現状診断でお渡しするもの

レガシー業務アプリの現状診断では、対象アプリや業務内容を確認したうえで、問題点、リスク、今後の対応方針を整理します。

診断結果は、社内での判断材料や、ベンダーへ相談する前の整理資料として活用できるよう、分かりやすい形でまとめます。

主な成果物

診断内容や対象範囲に応じて、以下のような資料や整理結果をお渡しします。

現状整理メモ

対象となる業務アプリの概要、利用目的、利用者、利用頻度、現在困っている点を整理します。

問題点一覧

エラー、処理遅延、属人化、仕様不明、バックアップ不足、操作ミスのリスクなど、現状で確認できる問題点を一覧化します。

リスク整理

業務停止リスク、保守不能リスク、データ破損リスク、WindowsやOffice更新による影響などを整理します。

延命・小改修・再構築の判断材料

現在のアプリを継続利用できるのか、小改修で済むのか、段階的な再構築が必要なのかを判断するための材料を整理します。

ベンダー相談前の確認事項

外部ベンダーへ相談する前に整理しておくべき業務内容、必要機能、帳票、データ移行、確認すべき質問事項をまとめます。

成果物の具体例

※成果物についてのご注意

以下に記載している成果物は、現状診断で作成する可能性がある資料・整理結果の例です。

すべてのご相談で、すべての資料や帳票を作成するものではありません。実際の成果物は、対象となる業務アプリの種類、確認範囲、資料の有無、ご相談内容、作業期間により変動します。

また、成果物の形式は、正式な帳票、一覧表、簡易レポート、メモ形式、確認事項リストなど、目的に応じて変わります。

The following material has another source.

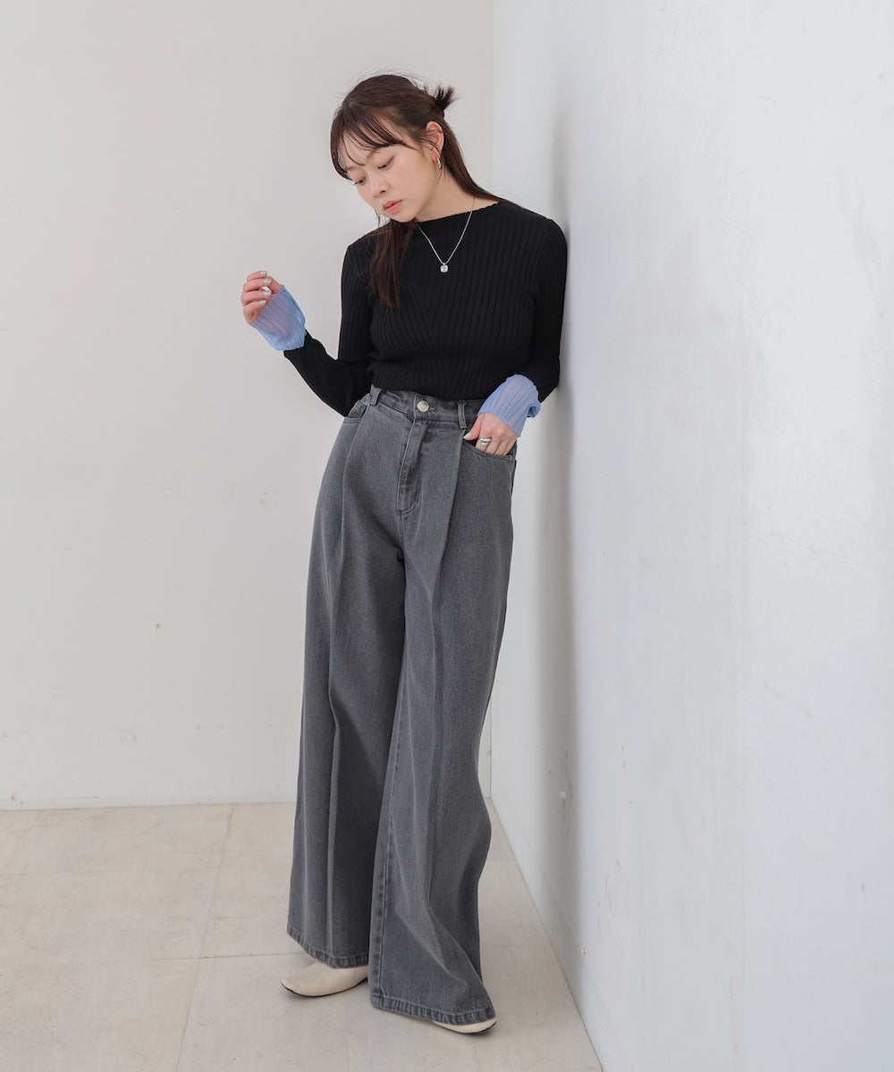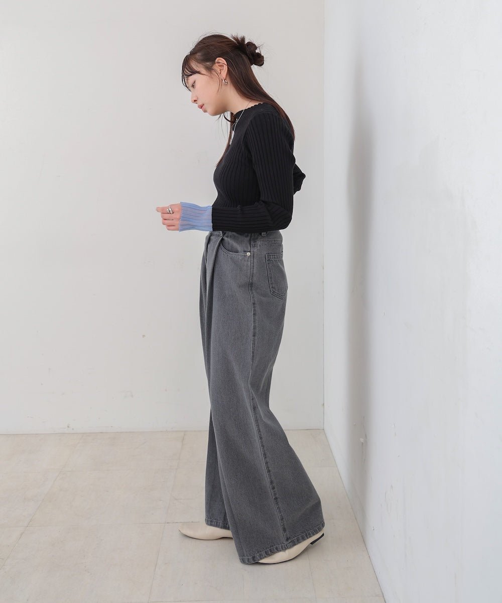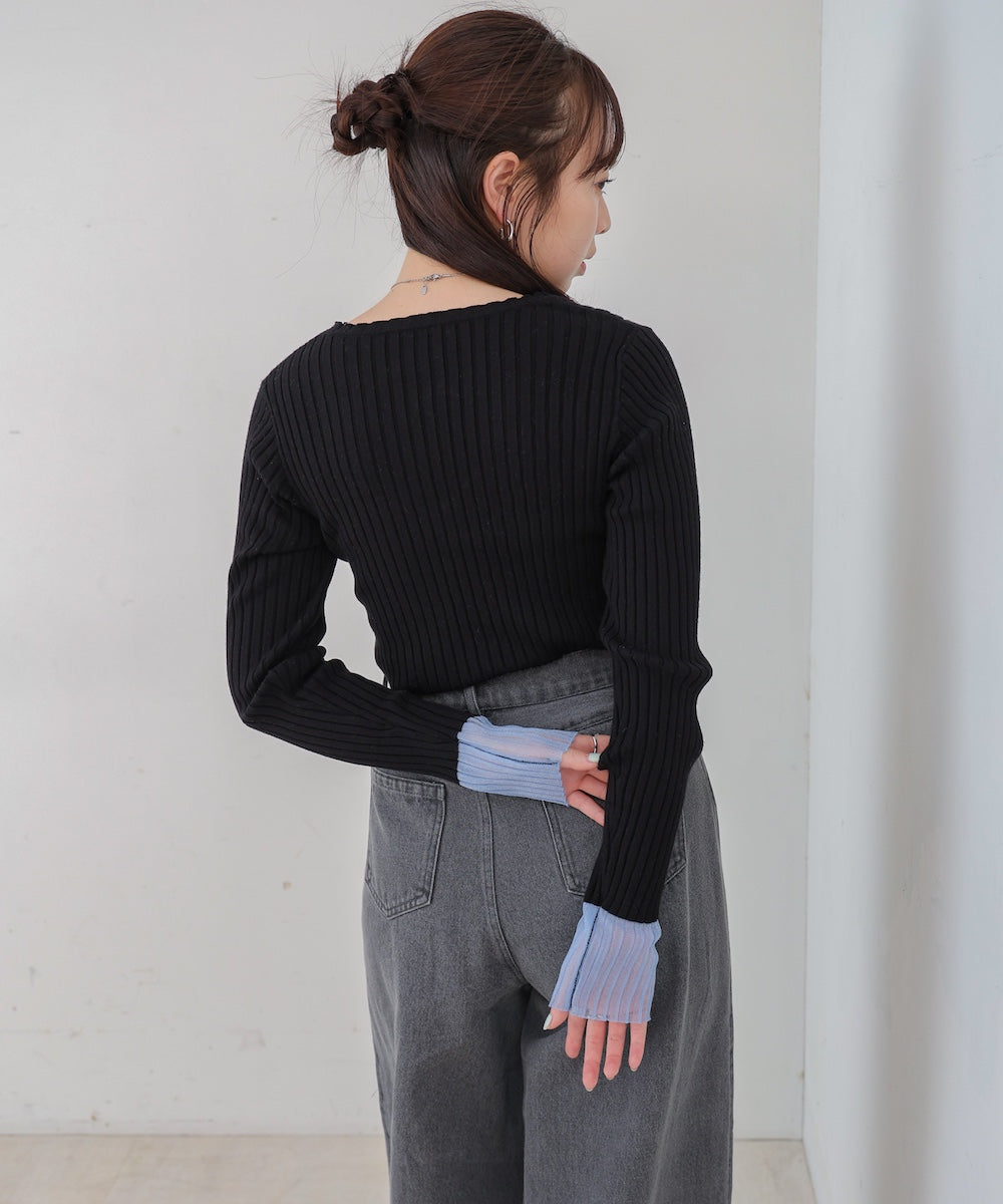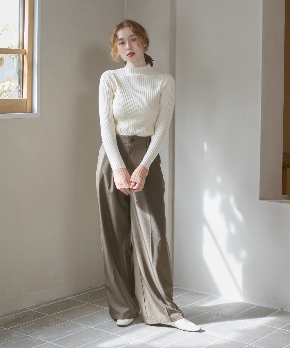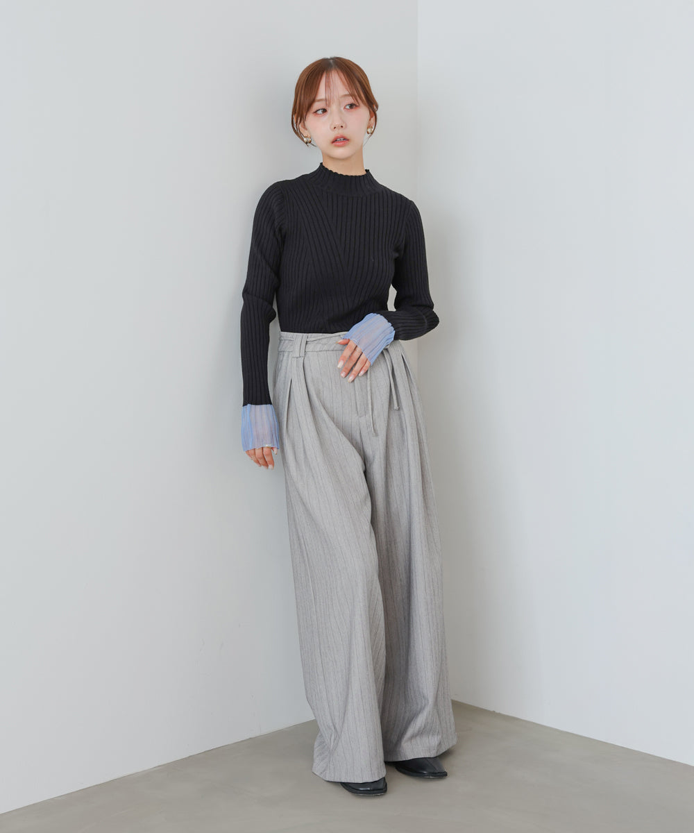 <JP> 拼色ver.! 透明感薄紗拼羅紋針織* 3色入 (圓領/高領) <預購>

必要以上に大きな資料を作るのではなく、社内判断やベンダー相談に使いやすい形で整理することを重視します。

現状整理メモ

対象アプリがどの業務で使われているか、誰が利用しているか、どのような入力・出力があるかを整理します。

  • 対象業務
  • 利用者・利用部署
  • 利用頻度
  • 入力データ
  • 出力帳票・出力ファイル
  • 現在困っている点

問題点一覧

現状確認で見つかった問題点を、業務面・技術面・運用面に分けて整理します。

  • エラーが発生している箇所
  • 動作が重い処理
  • 仕様が不明な処理
  • 担当者しか分からない運用
  • バックアップや保守上の不安
  • 将来の改修が難しい箇所

リスク整理表

業務停止、データ破損、担当者不在、WindowsやOffice更新などによる影響を整理します。

  • 業務停止リスク
  • 保守不能リスク
  • データ破損リスク
  • 属人化リスク
  • 環境更新リスク
  • 外部連携停止リスク

改修・延命・再構築の判断表

現行アプリをそのまま使い続けるべきか、小改修で延命するべきか、段階的に再構築するべきかを整理します。

  • 継続利用できる部分
  • 小改修で対応できる部分
  • 再構築を検討すべき部分
  • 優先順位の高い対応
  • すぐに対応しなくてもよい項目

ベンダー相談前の確認事項

外部ベンダーへ相談する前に、発注者側で整理しておくべき内容をまとめます。

  • 現行業務の概要
  • 必要な機能
  • 不要な機能
  • 移行すべきデータ
  • 残すべき帳票
  • 確認すべき質問事項
  • 見積り前に明確にすべき前提条件

診断結果の活用方法

現状診断の結果は、単に問題点を把握するだけでなく、今後の改修・延命・再構築の判断材料として活用できます。

社内での判断材料として

現在の業務アプリを使い続けるべきか、小改修で延命するべきか、段階的に再構築するべきかを社内で検討するための材料として活用できます。

ベンダー相談前の整理資料として

外部ベンダーへ相談する前に、現行業務、必要機能、課題、確認事項を整理しておくことで、見積りや提案内容の前提を明確にしやすくなります。

担当者間の引き継ぎ資料として

属人化しているExcelマクロ、Accessアプリ、古い業務アプリについて、処理内容や注意点を整理しておくことで、担当者変更時の引き継ぎにも役立ちます。

改修・再構築の優先順位整理として

すぐに対応すべき問題、当面は様子を見てもよい問題、将来的に再構築を検討すべき問題を分けることで、無理のない改善計画を立てやすくなります。

まずは現状を整理するところから始めましょう

古い業務アプリや社内ツールは、いきなり作り直す前に、現在の状態を確認することが重要です。

延命できるものは延命し、小改修で済むものは小改修に留め、本当に必要な場合だけ段階的な再構築を検討します。